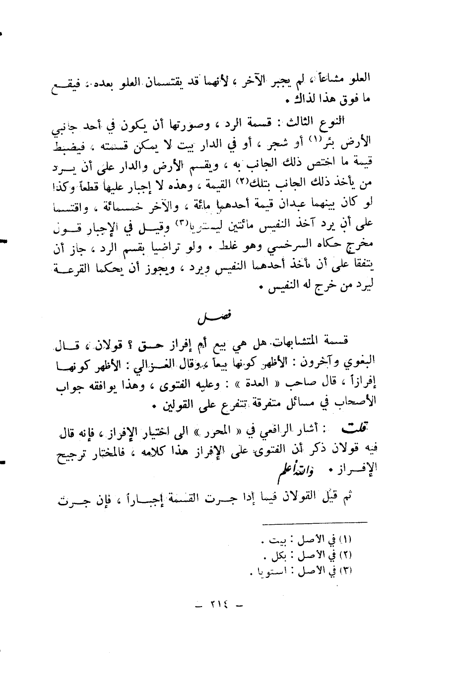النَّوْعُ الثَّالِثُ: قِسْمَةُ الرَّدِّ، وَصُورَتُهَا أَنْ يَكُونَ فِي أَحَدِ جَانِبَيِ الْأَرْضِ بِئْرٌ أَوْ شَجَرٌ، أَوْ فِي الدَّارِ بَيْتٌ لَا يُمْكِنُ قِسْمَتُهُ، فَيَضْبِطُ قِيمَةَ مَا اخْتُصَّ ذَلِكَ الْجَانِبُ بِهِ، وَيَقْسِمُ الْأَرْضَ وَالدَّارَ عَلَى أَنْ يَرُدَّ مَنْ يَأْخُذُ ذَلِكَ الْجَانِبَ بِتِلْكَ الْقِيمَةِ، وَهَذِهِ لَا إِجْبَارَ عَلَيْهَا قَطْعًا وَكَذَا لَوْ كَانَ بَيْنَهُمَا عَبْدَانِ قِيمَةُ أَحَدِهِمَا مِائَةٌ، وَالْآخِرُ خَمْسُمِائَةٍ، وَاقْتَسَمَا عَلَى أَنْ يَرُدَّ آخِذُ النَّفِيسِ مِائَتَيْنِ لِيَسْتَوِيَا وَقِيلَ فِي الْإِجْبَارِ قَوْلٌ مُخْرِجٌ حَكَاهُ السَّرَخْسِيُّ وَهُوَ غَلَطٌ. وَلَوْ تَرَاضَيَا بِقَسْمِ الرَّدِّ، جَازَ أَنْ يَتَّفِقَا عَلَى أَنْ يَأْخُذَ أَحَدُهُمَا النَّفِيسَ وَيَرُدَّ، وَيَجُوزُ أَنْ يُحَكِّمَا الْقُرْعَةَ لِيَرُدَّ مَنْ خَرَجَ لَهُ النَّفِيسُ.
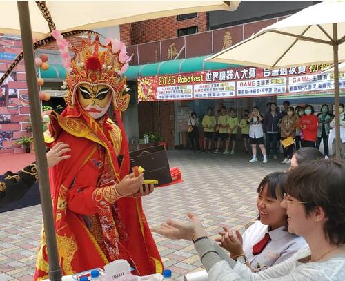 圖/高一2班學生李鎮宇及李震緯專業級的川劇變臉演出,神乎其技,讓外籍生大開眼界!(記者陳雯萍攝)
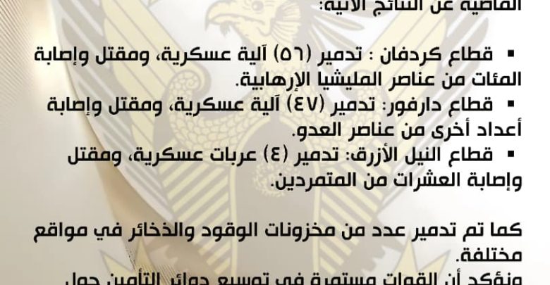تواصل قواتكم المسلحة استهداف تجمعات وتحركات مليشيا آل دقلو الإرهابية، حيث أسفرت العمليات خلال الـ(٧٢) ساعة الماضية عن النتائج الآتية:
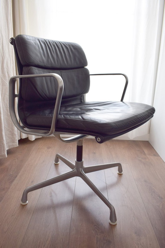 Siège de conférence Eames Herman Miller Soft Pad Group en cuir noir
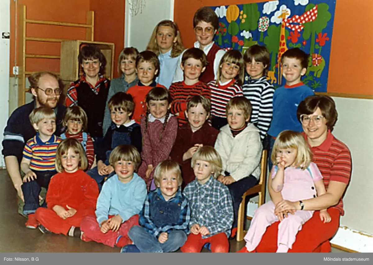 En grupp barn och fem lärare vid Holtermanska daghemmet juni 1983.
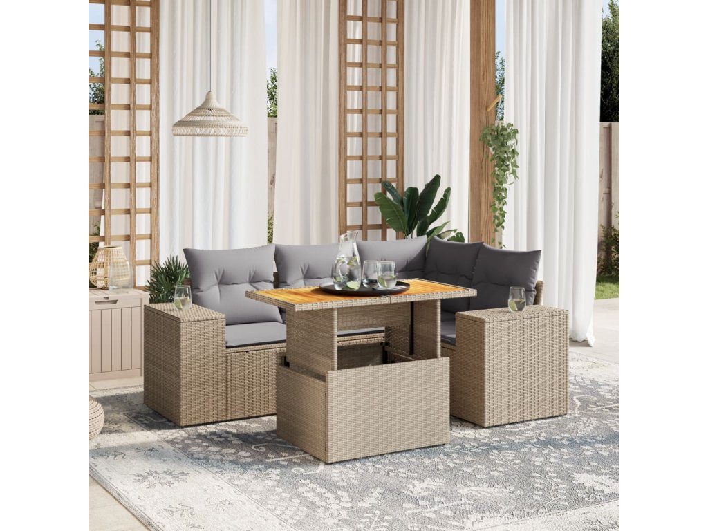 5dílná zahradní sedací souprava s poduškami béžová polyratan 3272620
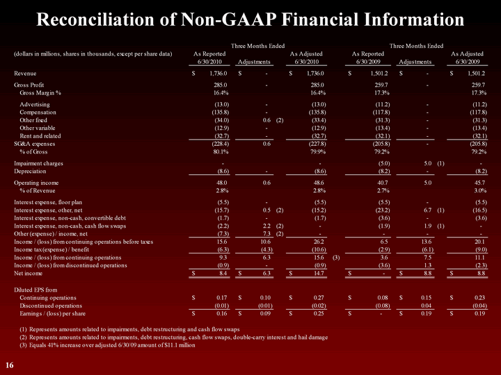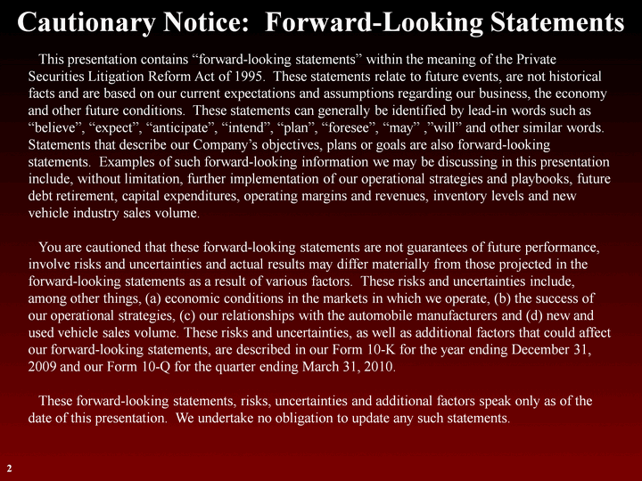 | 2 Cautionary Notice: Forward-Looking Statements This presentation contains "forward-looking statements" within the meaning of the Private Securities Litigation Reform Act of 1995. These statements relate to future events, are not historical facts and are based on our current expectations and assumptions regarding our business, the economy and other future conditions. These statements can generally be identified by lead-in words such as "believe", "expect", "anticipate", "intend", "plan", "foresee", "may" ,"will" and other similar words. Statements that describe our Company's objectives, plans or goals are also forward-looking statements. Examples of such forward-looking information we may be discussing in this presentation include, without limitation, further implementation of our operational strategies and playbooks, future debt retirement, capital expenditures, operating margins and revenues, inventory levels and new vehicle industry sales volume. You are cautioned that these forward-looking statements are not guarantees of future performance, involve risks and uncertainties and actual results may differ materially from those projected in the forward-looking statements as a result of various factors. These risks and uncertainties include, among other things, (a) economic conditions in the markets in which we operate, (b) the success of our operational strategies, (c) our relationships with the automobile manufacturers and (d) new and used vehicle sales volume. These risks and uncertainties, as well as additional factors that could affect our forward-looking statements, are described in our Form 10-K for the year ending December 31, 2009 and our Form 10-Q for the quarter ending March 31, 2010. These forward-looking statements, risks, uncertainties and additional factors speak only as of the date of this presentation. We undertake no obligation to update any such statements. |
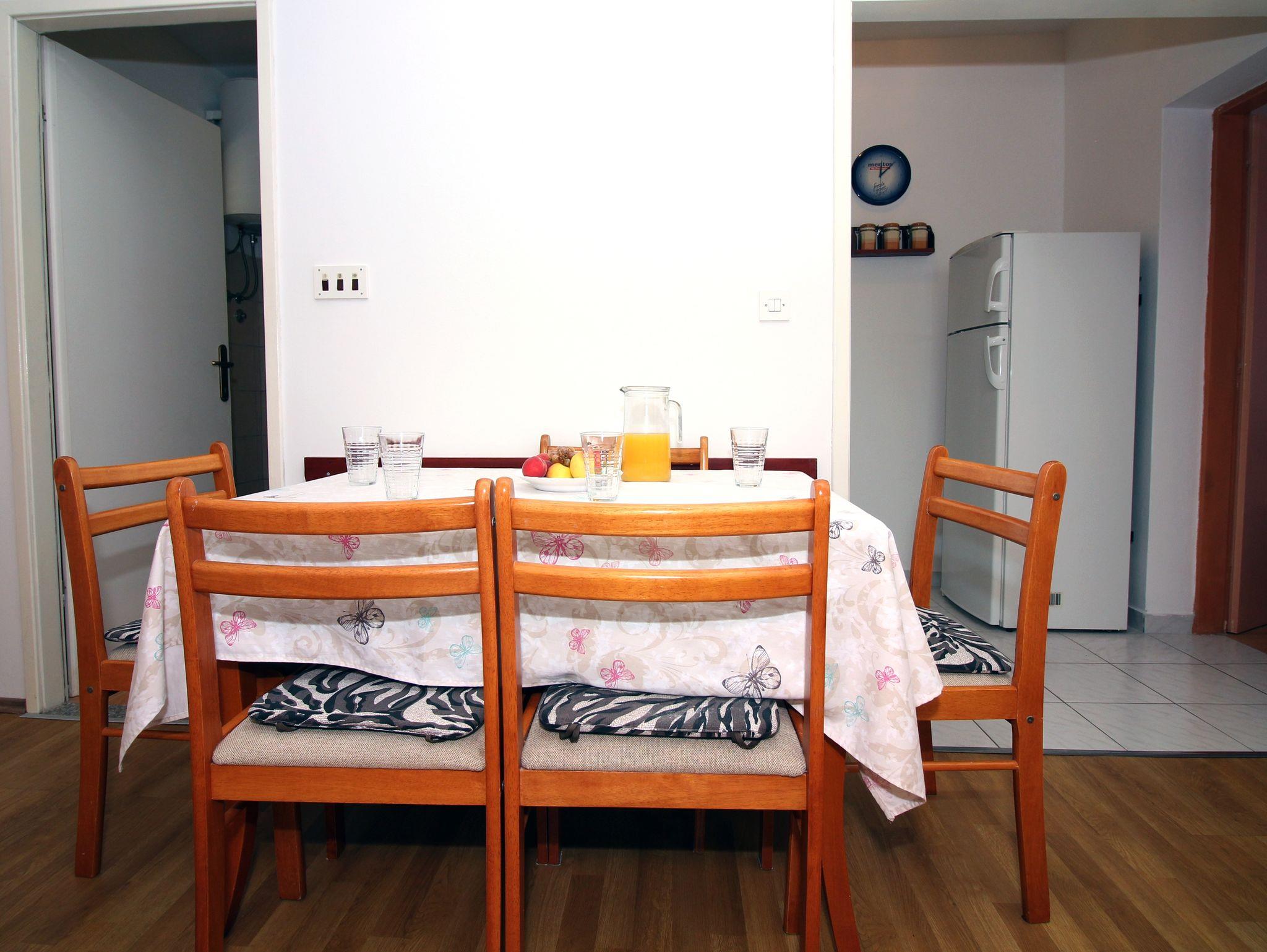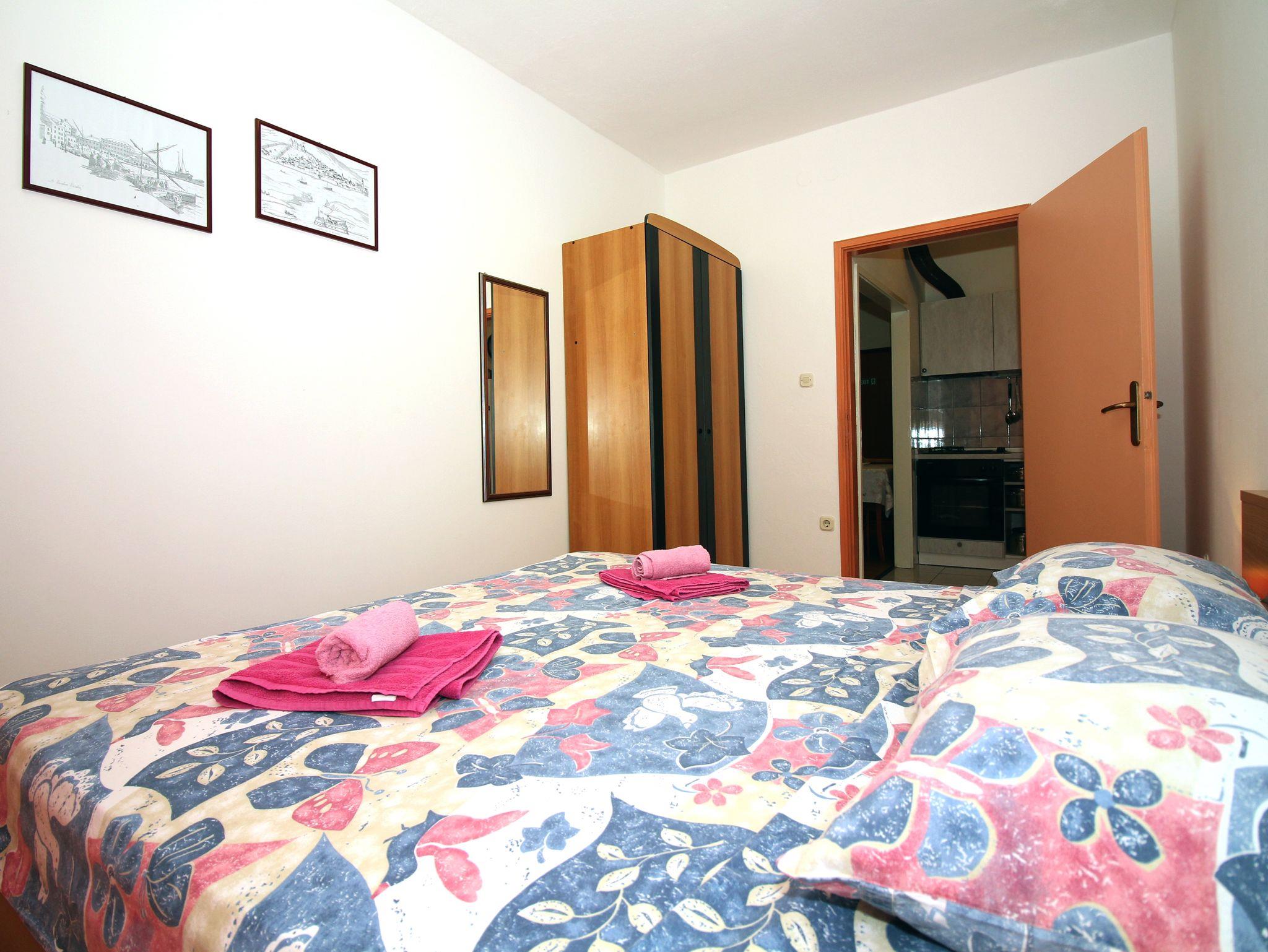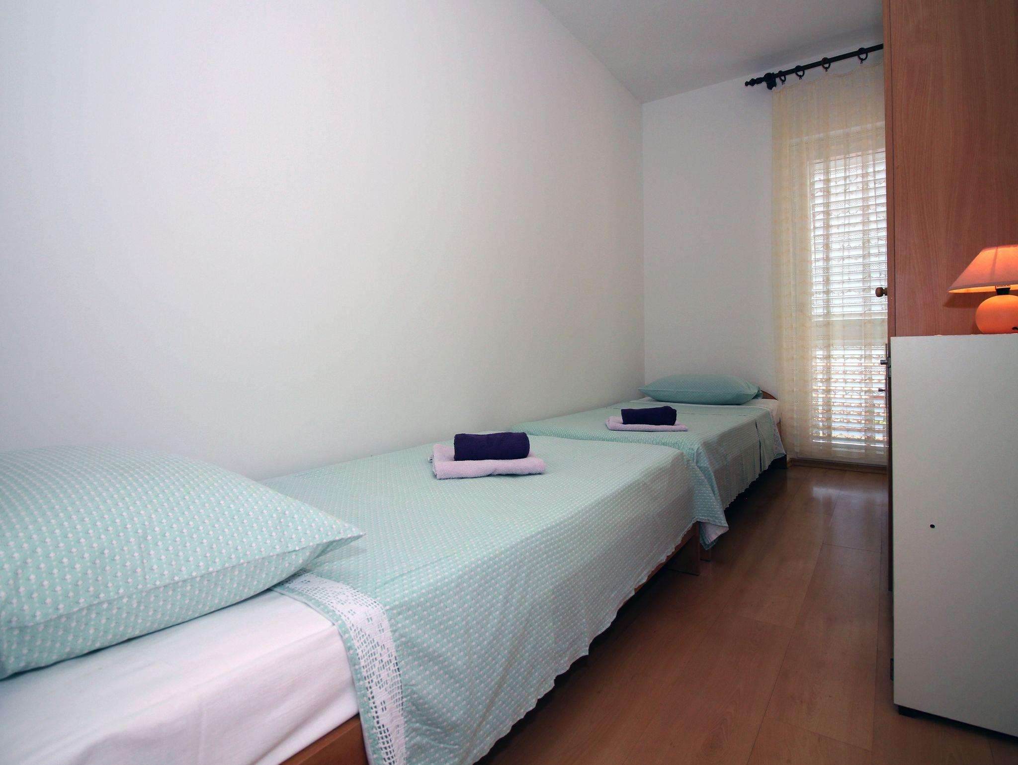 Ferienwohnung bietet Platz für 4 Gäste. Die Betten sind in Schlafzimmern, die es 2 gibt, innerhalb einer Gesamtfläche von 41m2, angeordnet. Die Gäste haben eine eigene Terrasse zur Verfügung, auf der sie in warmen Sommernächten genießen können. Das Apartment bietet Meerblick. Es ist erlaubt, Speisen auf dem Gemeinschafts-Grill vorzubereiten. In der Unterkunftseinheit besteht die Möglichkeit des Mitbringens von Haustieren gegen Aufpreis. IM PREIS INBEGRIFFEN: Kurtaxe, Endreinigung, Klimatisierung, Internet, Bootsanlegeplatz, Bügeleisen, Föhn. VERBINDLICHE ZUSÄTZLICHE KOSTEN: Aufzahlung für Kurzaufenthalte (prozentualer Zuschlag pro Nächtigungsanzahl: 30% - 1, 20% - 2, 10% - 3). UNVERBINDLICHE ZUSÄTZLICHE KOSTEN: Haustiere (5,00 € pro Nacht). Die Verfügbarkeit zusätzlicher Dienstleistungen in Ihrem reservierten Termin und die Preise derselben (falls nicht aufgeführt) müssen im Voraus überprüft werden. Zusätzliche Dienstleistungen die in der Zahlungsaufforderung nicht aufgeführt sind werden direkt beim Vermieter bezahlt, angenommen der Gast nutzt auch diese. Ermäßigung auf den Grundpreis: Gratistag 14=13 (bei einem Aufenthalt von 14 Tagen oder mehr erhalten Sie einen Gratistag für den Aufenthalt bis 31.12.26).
+-------+
◆ Task statement
Copy back, word for word, every line between the top of the material above and the line that contains "5dílná zahradní sedací", both included, without any pictures.

◆ Your solution
النَّوْعُ الثَّالِثُ: قِسْمَةُ الرَّدِّ، وَصُورَتُهَا أَنْ يَكُونَ فِي أَحَدِ جَانِبَيِ الْأَرْضِ بِئْرٌ أَوْ شَجَرٌ، أَوْ فِي الدَّارِ بَيْتٌ لَا يُمْكِنُ قِسْمَتُهُ، فَيَضْبِطُ قِيمَةَ مَا اخْتُصَّ ذَلِكَ الْجَانِبُ بِهِ، وَيَقْسِمُ الْأَرْضَ وَالدَّارَ عَلَى أَنْ يَرُدَّ مَنْ يَأْخُذُ ذَلِكَ الْجَانِبَ بِتِلْكَ الْقِيمَةِ، وَهَذِهِ لَا إِجْبَارَ عَلَيْهَا قَطْعًا وَكَذَا لَوْ كَانَ بَيْنَهُمَا عَبْدَانِ قِيمَةُ أَحَدِهِمَا مِائَةٌ، وَالْآخِرُ خَمْسُمِائَةٍ، وَاقْتَسَمَا عَلَى أَنْ يَرُدَّ آخِذُ النَّفِيسِ مِائَتَيْنِ لِيَسْتَوِيَا وَقِيلَ فِي الْإِجْبَارِ قَوْلٌ مُخْرِجٌ حَكَاهُ السَّرَخْسِيُّ وَهُوَ غَلَطٌ. وَلَوْ تَرَاضَيَا بِقَسْمِ الرَّدِّ، جَازَ أَنْ يَتَّفِقَا عَلَى أَنْ يَأْخُذَ أَحَدُهُمَا النَّفِيسَ وَيَرُدَّ، وَيَجُوزُ أَنْ يُحَكِّمَا الْقُرْعَةَ لِيَرُدَّ مَنْ خَرَجَ لَهُ النَّفِيسُ.
 圖/高一2班學生李鎮宇及李震緯專業級的川劇變臉演出,神乎其技,讓外籍生大開眼界!(記者陳雯萍攝)
تواصل قواتكم المسلحة استهداف تجمعات وتحركات مليشيا آل دقلو الإرهابية، حيث أسفرت العمليات خلال الـ(٧٢) ساعة الماضية عن النتائج الآتية:
 Siège de conférence Eames Herman Miller Soft Pad Group en cuir noir
 En grupp barn och fem lärare vid Holtermanska daghemmet juni 1983.
 5dílná zahradní sedací souprava s poduškami béžová polyratan 3272620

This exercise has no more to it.